## Problem statement
Return each entry word for word and skip its pictures.

(Stored records)
-- Opening Marker --
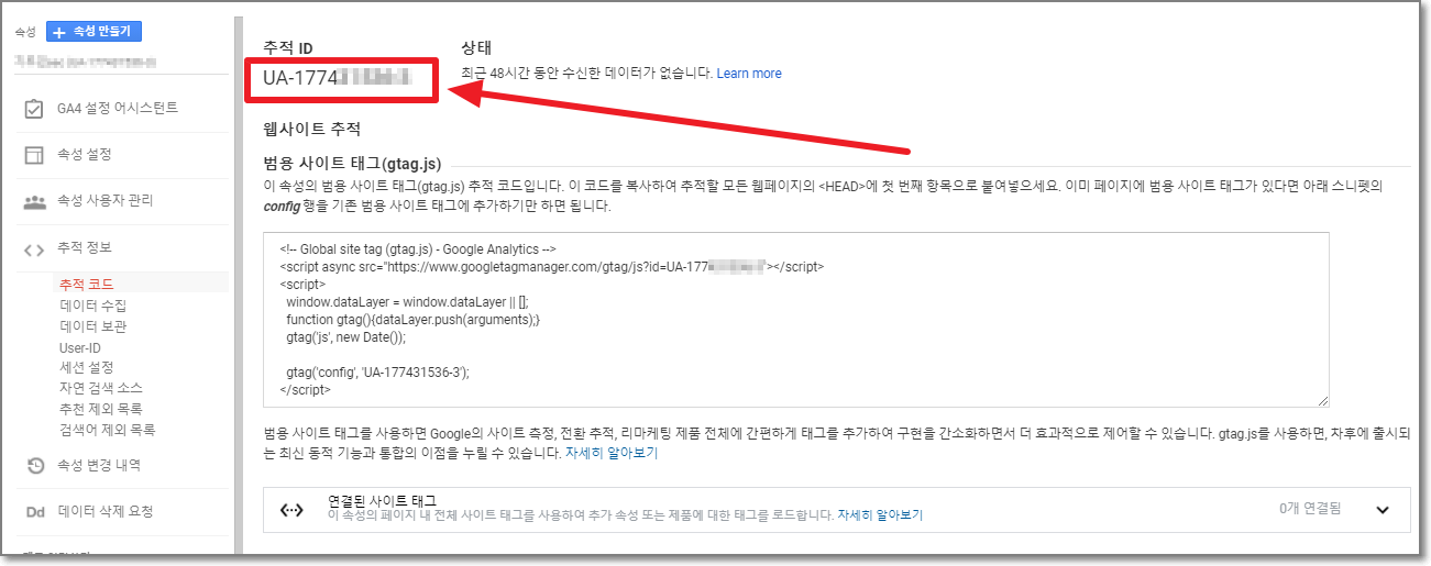 아래처럼 추적ID가 모습을 드러냅니다. UA-17***라고 쓰인 추적 아이디를 마우스로 긁어서 복사합니다.
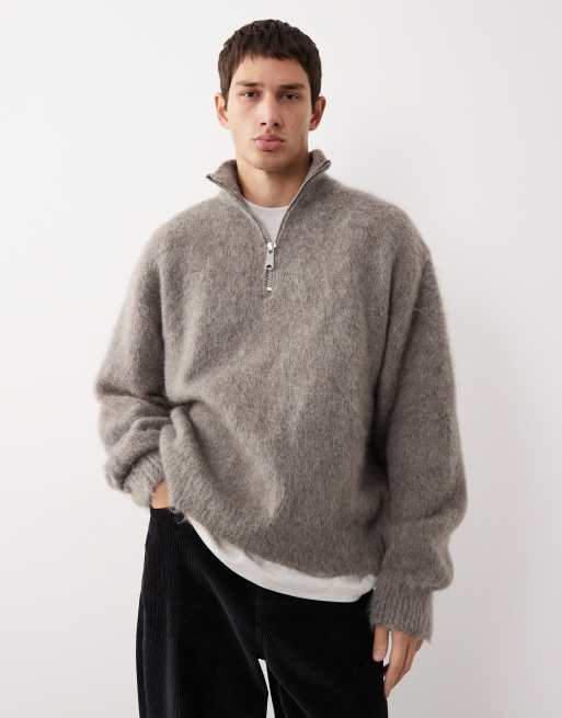 Jersey marrón extragrande con cuello alzado de punto de mezcla de lana y lana de mohair de ASOS COLLECTIVE
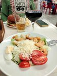 Безумное количество чеснока в блюдах! Перед полетом особенно в тему, да... Цены безумные, проверяйте перед заказом. Плюсы - приятный интерьер и очень красивая посуда.
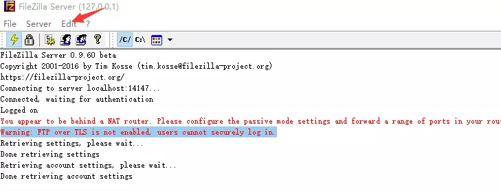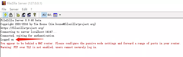 连接成功后(Logged on),日志面板会出现问题跟警告两行红字,这里的问题跟警告并不会对FTP服务器搭建以及连接FTP服务器有影响,因此不对其处理
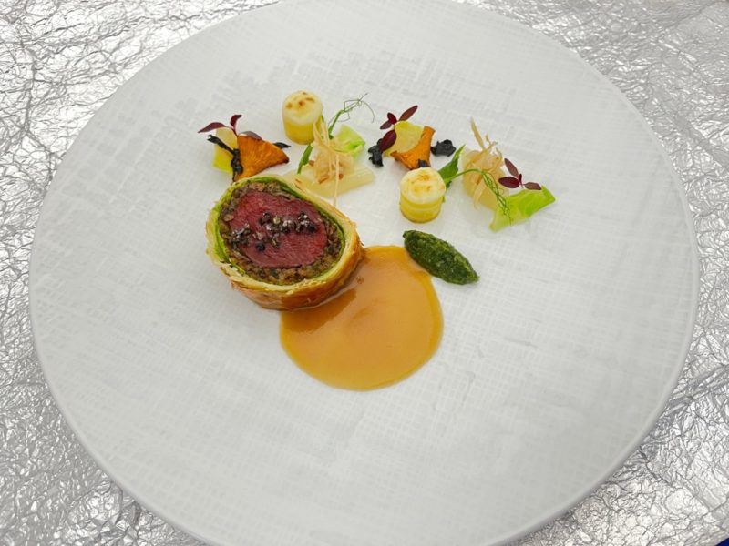 うま味溢れるように焼き上げた鹿肉とパイ生地のサクサク感、さわやかな柚子が効いたソース、まとまりのある付け合わせと、すべてが味、見た目はもちろん、栄養面でもバランスよく仕上げられたと思います。
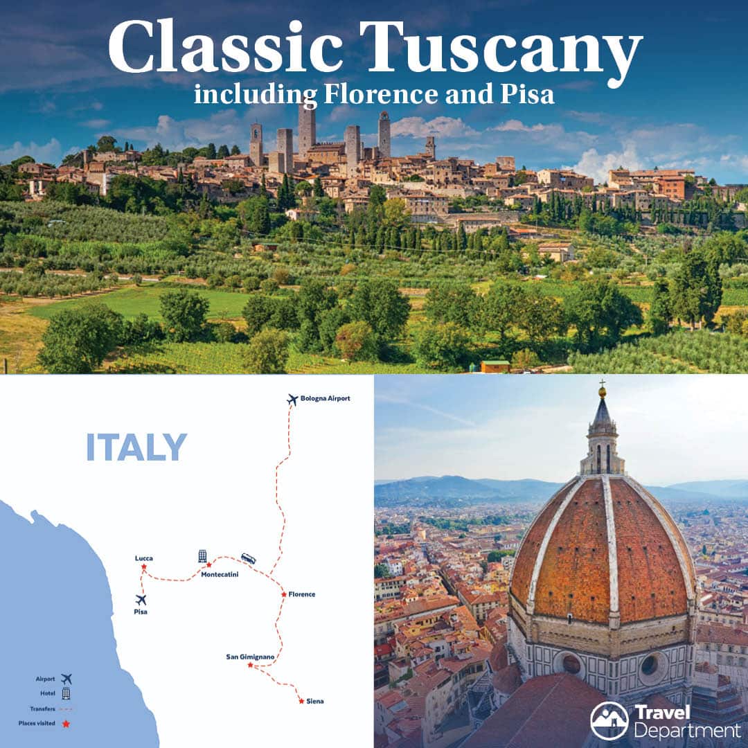 Or for a different take on the Italian dream, set your sights on mesmerizing Tuscany, where the only thing better than the scenery is the food. Visit the capital of the Renaissance on a day trip to Florence, including stops at the Duomo & Ponte Vecchio. Visit the Leaning Tower in Pisa and enjoy leisure time in Lucca, the birthplace of renowned composer Puccini. With so much to offer, Italy is just waiting to be discovered.
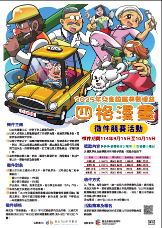 4、詳細獎勵內容參閱簡章。 三、詳細徵件內容請參考活動簡章,亦可至勞動局官網下載活 動簡章(勞動局官網〉業務服務〉勞動教育文化〉勞動教 育校園扎根〉兒童認識勞動權益四格漫畫徵件競賽活動, 網址:https://reurl.cc/WOdkb9下載。如有相關疑問,請 洽活動專線:(02)2720-8889/1999轉分機3346。
-- Closing Marker --
## Expected answer
 아래처럼 추적ID가 모습을 드러냅니다. UA-17***라고 쓰인 추적 아이디를 마우스로 긁어서 복사합니다.
 Jersey marrón extragrande con cuello alzado de punto de mezcla de lana y lana de mohair de ASOS COLLECTIVE
 Безумное количество чеснока в блюдах! Перед полетом особенно в тему, да... Цены безумные, проверяйте перед заказом. Плюсы - приятный интерьер и очень красивая посуда.
 连接成功后(Logged on),日志面板会出现问题跟警告两行红字,这里的问题跟警告并不会对FTP服务器搭建以及连接FTP服务器有影响,因此不对其处理
 うま味溢れるように焼き上げた鹿肉とパイ生地のサクサク感、さわやかな柚子が効いたソース、まとまりのある付け合わせと、すべてが味、見た目はもちろん、栄養面でもバランスよく仕上げられたと思います。
 Or for a different take on the Italian dream, set your sights on mesmerizing Tuscany, where the only thing better than the scenery is the food. Visit the capital of the Renaissance on a day trip to Florence, including stops at the Duomo & Ponte Vecchio. Visit the Leaning Tower in Pisa and enjoy leisure time in Lucca, the birthplace of renowned composer Puccini. With so much to offer, Italy is just waiting to be discovered.
 4、詳細獎勵內容參閱簡章。 三、詳細徵件內容請參考活動簡章,亦可至勞動局官網下載活 動簡章(勞動局官網〉業務服務〉勞動教育文化〉勞動教 育校園扎根〉兒童認識勞動權益四格漫畫徵件競賽活動, 網址:https://reurl.cc/WOdkb9下載。如有相關疑問,請 洽活動專線:(02)2720-8889/1999轉分機3346。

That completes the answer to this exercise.